Once the container is running, you can trigger calls the same way - just point the curl command at your tunnel URL instead of the Modal URL.
Recordings in Docker mode get saved to a ./recordings/ folder on your machine (mounted as a Docker volume), so you can listen to them right away. See the repo’s README for the full Docker setup details.
Wrapping Up
Over these two articles, we’ve built two complete voice AI applications:
Inbound: An AI that answers phone calls and has conversations with callers
Outbound: An AI that dials phone numbers and starts conversations with people
The core is the same - a Pipecat pipeline that connects speech recognition, an LLM, and text-to-speech into a real-time conversation engine. What changes between inbound and outbound is just the setup: who starts the call and how the connection gets wired up.
The beauty of this pipeline approach is that every piece is swappable. Want a different LLM? Swap out Groq for OpenAI or Anthropic. Want a different voice? Change the Deepgram TTS model. Want the bot to behave differently? Edit the system prompt. The pipeline structure stays the same.

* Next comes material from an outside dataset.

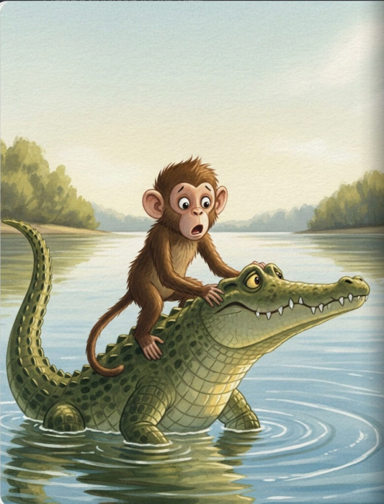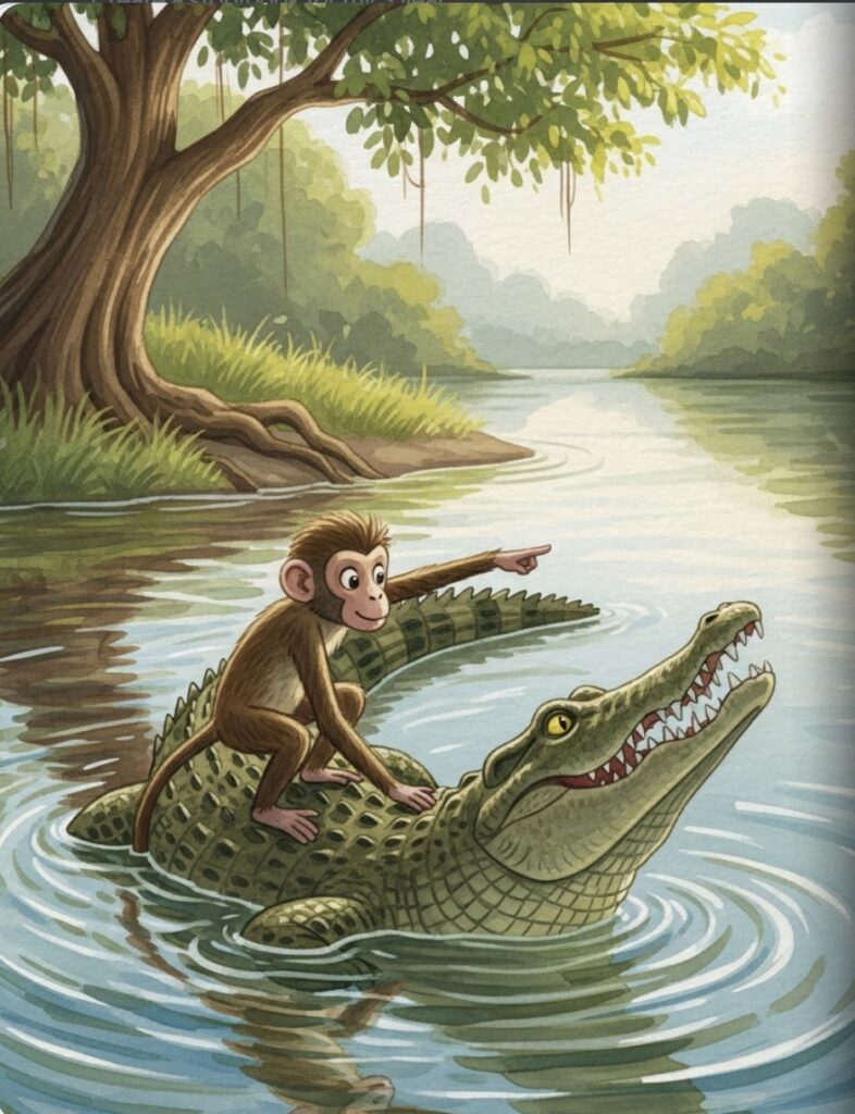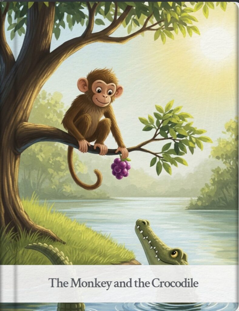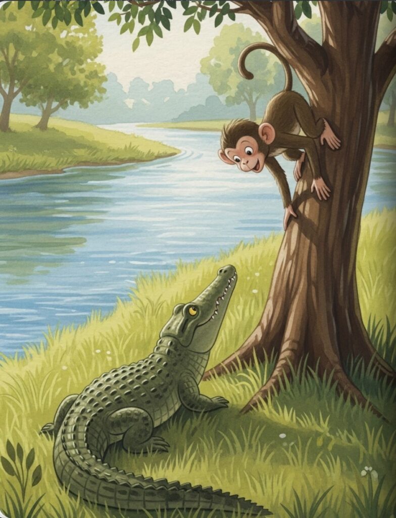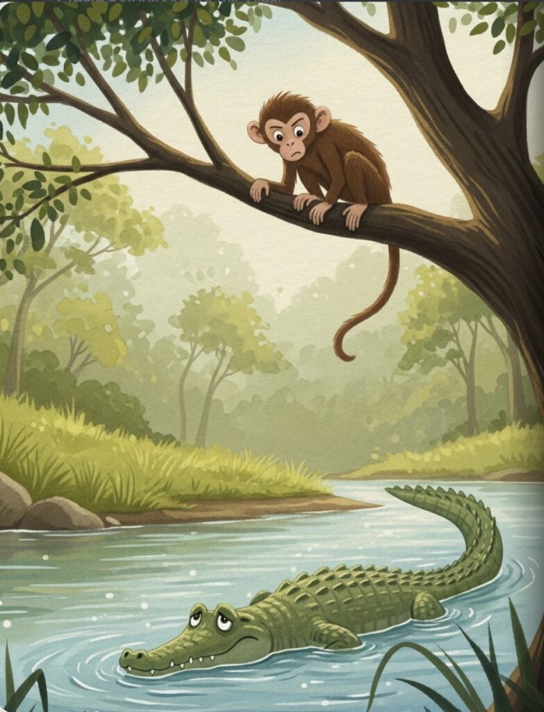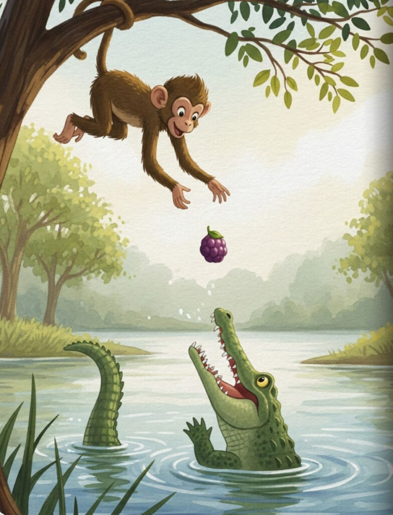 Once upon a time, a kind monkey lived in a tall jambu tree. Below, in the sparkling river, lived a friendly crocodile. They were the best of friends.

A few ideas for where you could take this next:
Connect to a CRM - Look up the caller’s info and personalise the conversation
Appointment reminders - Schedule outbound calls with specific messages
Surveys and feedback - Have the bot ask questions and record the answers
Multi-language support - Swap in STT and TTS models for different languages
The full code for both bots is in the GitHub repo. If you build something with it, I’d love to hear about it.